Residual graphical analysis: "Visual diagnosis" of model fit

  Through the scatter plot of residuals and predicted values, we can quickly determine whether the model meets the assumptions. The core conclusions are as follows:

  

1. The residuals are scattered within the "banded straight line": The ideal state of model fitting

  If the scatter plot of residuals and predicted values shows a banded area with a consistent width (no obvious change in width) and no extreme outliers, it indicates that:

  - The variance of the residuals is constant (satisfying the "homoscedasticity assumption").

  - No systematic trend (the model has captured all interpretable variations);

  - No outliers (no bias in the sample).

  At this point, the model is a perfect fit, and the unexplained errors are only random fluctuations.

  

2. The residuals show a funnel shape: A signal of non-constant variance

  The funnel shape means that "the fluctuation range of residuals widens (or narrows) as the predicted value increases" - for example, when studying "the impact of income on consumption", the consumption residuals of low - income groups are very small (consumption is concentrated), while those of high - income groups are very large (there are large consumption differences). This situation violates the "homoscedasticity assumption":

  - The model assumes that the error variances of all observations are the same, but in reality, the variance changes with the predicted values.

  - It will lead to inaccurate standard deviations of parameter estimates (the estimates in high-variance regions are even less reliable).
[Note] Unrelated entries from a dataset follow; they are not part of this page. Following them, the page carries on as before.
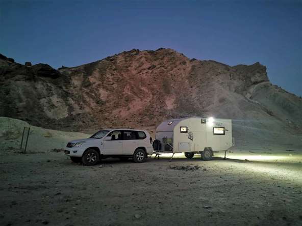 פעם הגדרתי בצורה מסובכת את אזור מיצרי הפארן כך: אם הייתי מגיע לנוף כזה בנמיביה הייתי אומר שרק בשביל הנוף הזה היה שווה לנסוע עד לשם… הבנתם? לא ממש. בכל אופן הנוף מדהים. אלא שהנסיעה המדשדשת באפיק ואדי ציחור היתה מאתגרת. הרכב התחפר באפיק ונאלצתי להגביר מהירות כל הזמן כדי להיחלץ משקיעה. הבנתי שמה שעושה ג'יפ לבדו, הוא לא יוכל לעשות עם קרוואן נגרר. הג'יפ שוקל 2 וחצי טון ויש לו כוח ועבירות גבוהה. תוסיף לו עוד 2 טון משקל בלי תוספת מנוע, והוא בקושי מחלץ את עצמו. הבנתי שאני צריך לשנות הרגלים. הרכב עם הקרוואן יכולים אמנם להיכנס לדרכי עפר אבל רק לטובות ולא מאתגרות. אני צריך לבחור מראש אתר אפשרי ולהחנות שם את הקרוואן. זה יהיה מחנה הבסיס בו אנתק את הקרוואן מהג'יפ, ומשם אצא לטיולי ג'יפים וטיולים רגליים, ואשוב למקום מידי ערב או אפילו אסע ליומיים ואשוב. פשוט לטייל אחרת.
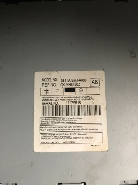Source Vehicle Color: SILVER Conditions/Options:3911A-SHJ-A800 Interchange Part Number:594-00349 Hollander Interchange found this part as interchangeable with: ODYSSEY 05-10 player, rear entertainment system
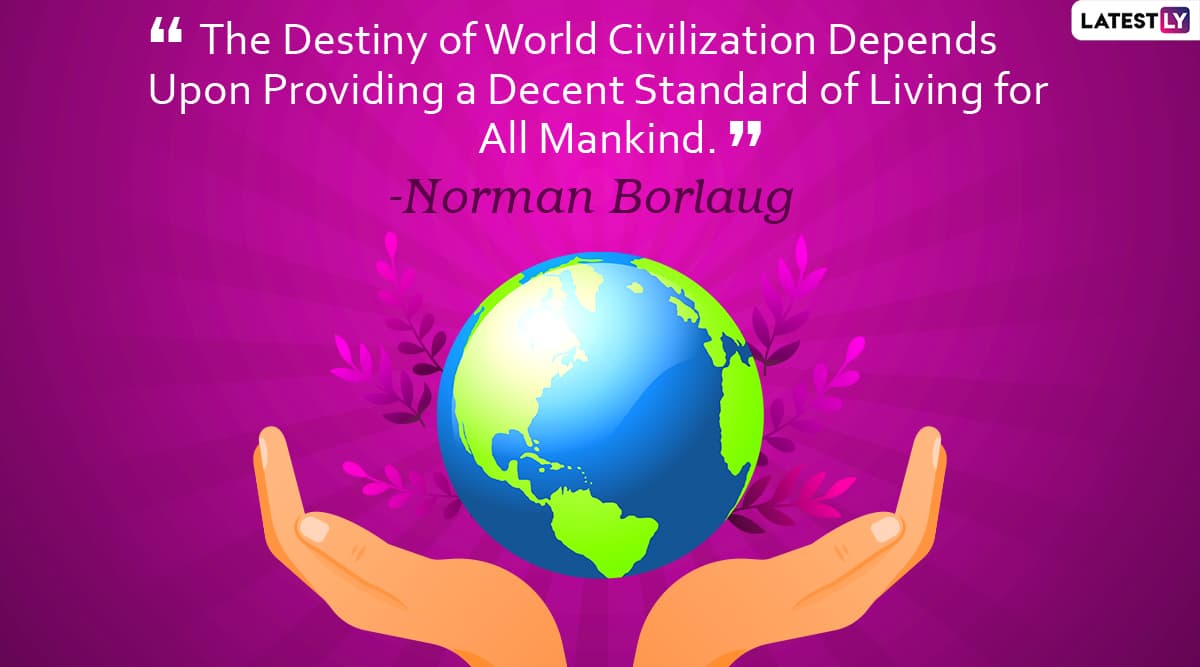 Quote Reads: “The Destiny of World Civilization Depends Upon Providing a Decent Standard of Living for All Mankind.” – Norman Borlaug
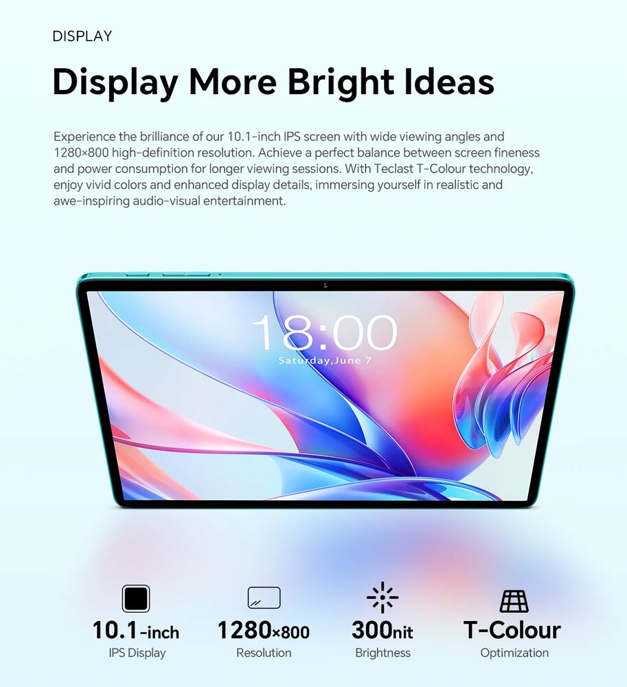 Απολαύστε εντυπωσιακή οπτική εμπειρία με την 10.1 ιντσών IPS οθόνη ανάλυσης 1280×800, που προσφέρει ζωντανά χρώματα και ευανάγνωστη εικόνα.

  At this time, the model is not well - fitted and needs to be adjusted (for example, perform a square - root transformation on the dependent variable to stabilize the variance).

  

3. The residuals show a curvilinear shape: A sign of a wrong model form

  If the scatter plot of residuals and predicted values shows an obvious curvilinear trend (e.g., negative first, then positive, and negative again), it indicates that the functional form of the model is incorrect. For example, the actual relationship is a quadratic curve (such as the relationship between study time and grades: grades first increase with time and then decline after exceeding a threshold), but a linear model is used, resulting in the residuals retaining an unexplained non - linear trend.

  At this time, the model is completely unable to capture the real patterns of the data, and the model form must be reset (e.g., adding a quadratic term).

  

4. The residuals show an "elliptical shape": The variance problem of probability value variables

  When the response variable is a probability value (such as a categorical variable between 0 and 1), the variance of the residuals will change with the predicted values (the variance decreases when the probability is close to 0 or 1 and increases when it is close to 0.5). In this case, the scatter plot of the residuals will be "elliptical". This situation also violates the "homoscedasticity assumption". Data transformation (such as logit transformation) is required to map the probability values to the real number domain to stabilize the variance.

  In essence, an ellipse represents the "non - constant variance phenomenon specific to probability value variables" and is a typical signal of model misfit.

  

Residuals are the "bridge" between the model and the data

  The core value of residuals lies in connecting the sample with the population, and the model with the data through the "random error after mean removal".

  - Sample representativeness of the normality test for residuals;

  - Test the model fit through the trend of residuals;

  - The graphical analysis of residuals intuitively reveals the problems in the model.

  In short, residuals are the "key tool for diagnosing data quality and model reliability" in statistical analysis. By understanding residuals, one can understand the "fit" between data and models.